**About this exercise**
Beginning with the line that has "Toltec Lighting 2614-BN-4109", write out each line down to the end of the records below exactly, and include no pictures.

#### Provided records

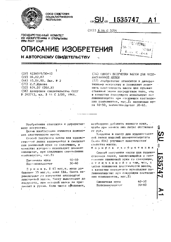 Способ получения массы для художественной лепки / Жукова С. Г. // Описания изобретений (ретрофонд) / Комитет по патентам и товарным знакам России. – М., 2003. – 1990, № 1. — (Патенты России). — Загл. с титул. экрана. — Поисковая система: MIMOSA GTI. — Систем. требования: Acrobat Reader. — Режим доступа: ftp://smolensklib.ru/bd/patent_ru/pt1535747.pdf. — <URL:ftp://smolensklib.ru/bd/patent_ru/pt1535747.pdf>.
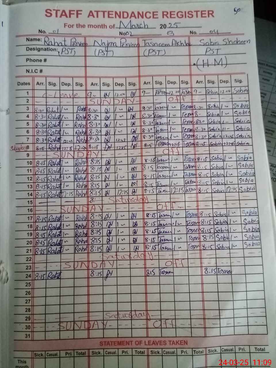 | CNIC | Full Name | Designation | R/C | Absence During Last Calender Month |
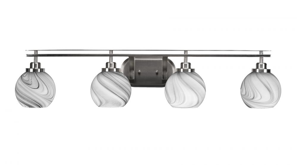 Toltec Lighting 2614-BN-4109 Odyssey 4 Light Bath Bar Shown In Brushed Nickel Finish With 5.75 Onyx Swirl Glass
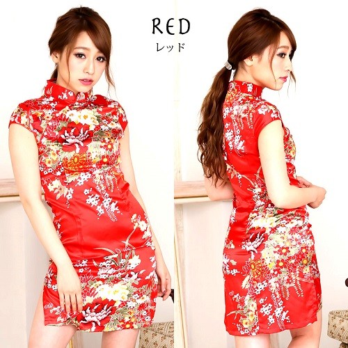 チャイナ服 花柄半袖ミニ丈 レッド(M-L・L-LLサイズ) 襟元と品のあるパールボタンデザイン、脚を美しく魅せるサイドスリットで優雅な魅力
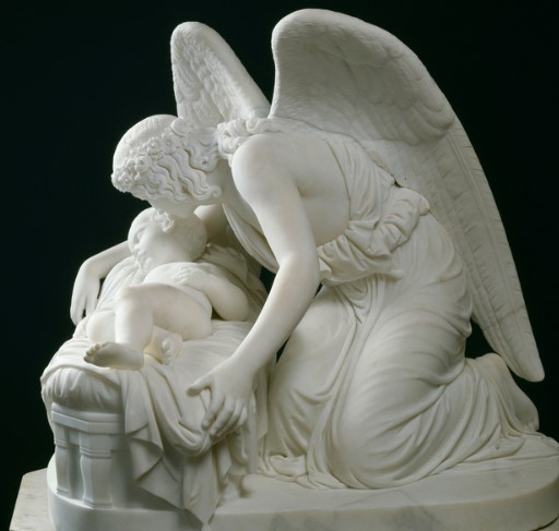 The Whisper of the Angel is a sculpture inspired by a poem by Samuel Lover, which tells of an old Irish belief according to which when a child smiles in his sleep it is because he is talking to an angel.
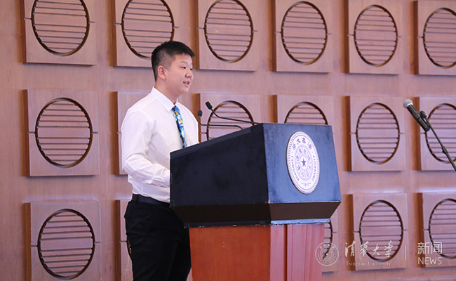 新雅书院2016级班主任、物理学系教授姜开利老师代表新雅全体教师和导师发言。他诙谐幽默地回忆了自己担任班主任的收获和喜悦。他认为,通识教育包括人文教育、艺术教育和科学教育,人文教育的目的是教会“爱”,艺术教育和科学教育的目的是教会“发现”和“创造”。姜老师借用闻一多先生的话“诗人的天赋是爱,爱他的祖国,爱他的人民”概括他任班主任的心得:“教师的天赋是爱,爱他的讲堂,爱他的学生”。

########

**Worked solution**
 Toltec Lighting 2614-BN-4109 Odyssey 4 Light Bath Bar Shown In Brushed Nickel Finish With 5.75 Onyx Swirl Glass
 チャイナ服 花柄半袖ミニ丈 レッド(M-L・L-LLサイズ) 襟元と品のあるパールボタンデザイン、脚を美しく魅せるサイドスリットで優雅な魅力
 The Whisper of the Angel is a sculpture inspired by a poem by Samuel Lover, which tells of an old Irish belief according to which when a child smiles in his sleep it is because he is talking to an angel.
 新雅书院2016级班主任、物理学系教授姜开利老师代表新雅全体教师和导师发言。他诙谐幽默地回忆了自己担任班主任的收获和喜悦。他认为,通识教育包括人文教育、艺术教育和科学教育,人文教育的目的是教会“爱”,艺术教育和科学教育的目的是教会“发现”和“创造”。姜老师借用闻一多先生的话“诗人的天赋是爱,爱他的祖国,爱他的人民”概括他任班主任的心得:“教师的天赋是爱,爱他的讲堂,爱他的学生”。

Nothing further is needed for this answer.